Why ‘Awkward’ — or ‘Umgelumpert’ — is the word of the day
Journalists have settled on a word to describe the Jan. 6 election certification, but is it the right one?
When headline writers try to describe the weirdness of Jan. 6, and the surreal experience Vice President Kamala Harris has had today, the word “awkward” keeps coming up.
“Harris Faces an Awkward Election Task: Certifying the Vote She Lost,” The New York Times blared.
I’m pretty sure this will be an “awkward” day for Joe Biden too, so I typed “Biden” and “awkward” into Google.
Whew.
Time magazine, for example, used “awkwardness of the moment” to describe Biden welcoming Trump into the Oval Office. At the same time, the word “awkward” has repeatedly been used to attack Biden.
For instance, On Demand News on YouTube got more than 200,000 views for “Joe Biden’s Most Awkward Gaffes of 2024.”
Then, of course, there are other “awkward” aspects of this bizarre “moment.” A recent BBC headline pointed out the “awkward parallels between the Biden and Trump convictions.”
So let’s talk about awkward, the word.
“Awkward,” according to Merriam-Webster, means “showing the result of a lack of expertness” as well as “lacking ease or grace.” It also means “lacking the right proportions, size, or harmony of parts” as well as “lacking social grace and assurance” and best of all, “causing embarrassment.”
Certainly, welcoming a man convicted of a felony into the presidency lacks the “right proportions,” and plenty about today could be construed as embarrassing — Harris has had to draw on a lot of “grace” to make it through today.
But let’s move on to the obsolete definitions. Merriam-Webster offers one — “perverse” — but the Oxford English Dictionary, home to all the layers of the English language, tells us that there are 17 definitions of “awkward” in the English language, and eight of those are obsolete.
“The earliest known use of the word awkward is in the Middle English period (1150-1500),” the OED says. “OED’s earliest evidence for awkward is from 1340, in the writing of Richard Rolle, hermit and religious author.”
Incredibly, the word “awkward” makes up for seven out of every million words used in today’s modern written English. (That number may go higher with this presidency shift.) In fact, we might want to expand our vocabulary to include “awkwardish,” a word that has been around since the 1600s.

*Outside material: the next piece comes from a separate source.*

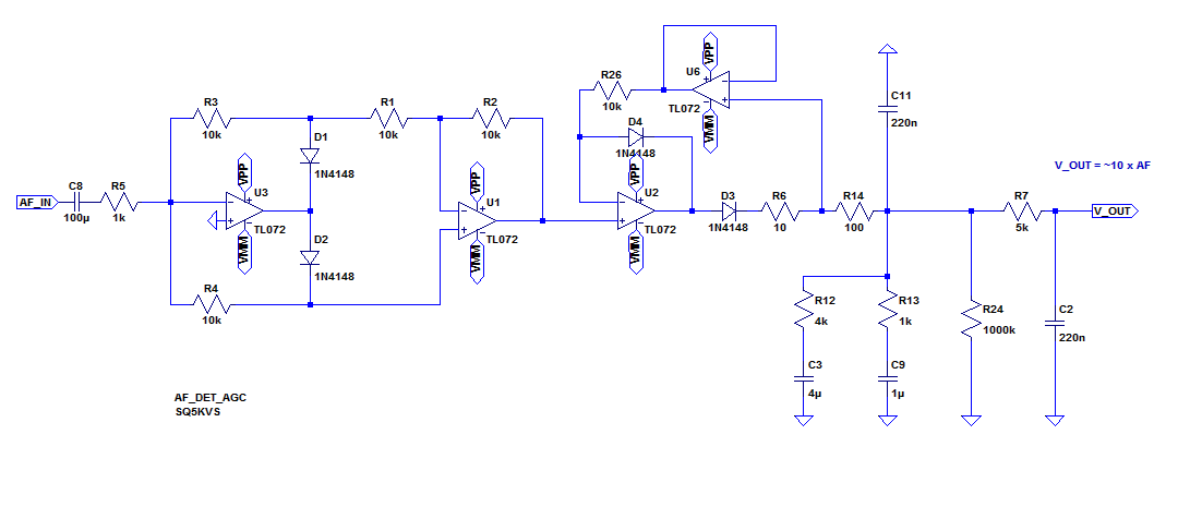 Najtrudniej jest aby detektor AGC był - w miarę liniowy, działał od małych poziomów, miał małą stałą czasową narastania i był najlepiej dwupołówkowy. Padło na układy z superdiodą.

As usual, Yiddish, the language of shlemiel and shlemazel, has a great word for awkward. The sound itself captures this moment — umgelumpert. And for “awkwardness” there is the fabulous umgelumpertkayt. To stay sane in this moment, you can always plug in varieties of the word “awkward” into the Yiddish word and phrase tool at the University of Kentucky.

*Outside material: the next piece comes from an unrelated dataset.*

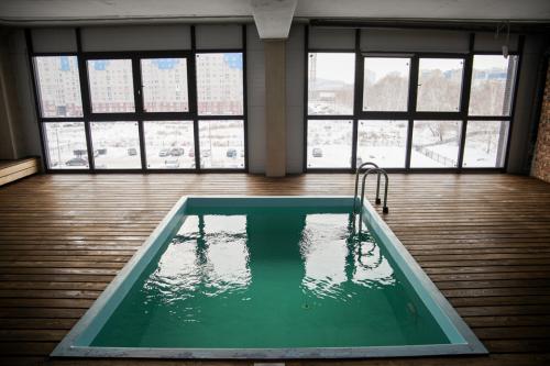 Открылся бассейн с зоной для лежаков, где можно полежать и расслабиться после парения. Огромные витражные раздвижные окна дают реальное ощущение единения с природой.

But back to the OG “awkward.”
The OED points out that “awkward” is both an adjective and an adverb, though the adverb is obsolete. But hey, it meant “In the wrong direction, in the wrong way.” Starting in the 1340s, it meant “Upside down; hindside foremost.” (That sounds right to me.) And the Oxford even offers an example, which I am quoting because all of it is fabulous, including the source: “Þe world þai all awkeward sett” from R. Rolle, Pricke of Conscience, 1541
I also liked the 1440s-era definition: “In a backward direction, with a back stroke.”
Most of all, though, I feel partial to obsolete adverb definition 7a in the Oxford English Dictionary. “Not easy to deal with; requiring cautious action; euphemistic for ‘rather dangerous’.”
Yup. I think some of us are afraid to say “rather dangerous,” or maybe we are too tired to face it again.
In a moment when Pulitzer Prize-winning cartoonist Ann Telnaes of The Washington Post quit after her cartoon showing tech titans on bended knee in deference to Trump wasn’t allowed to run, and after an election season when uber-wealthy men like Jeff Bezos at WaPo and Patrick Soon-Shiong at The Los Angeles Times refused to run presidential endorsements, it may feel safer and easier to say “awkward” instead of the word that really seems to fit here — “Dangerous.” Or, the British understatement of the centuries, “rather dangerous.”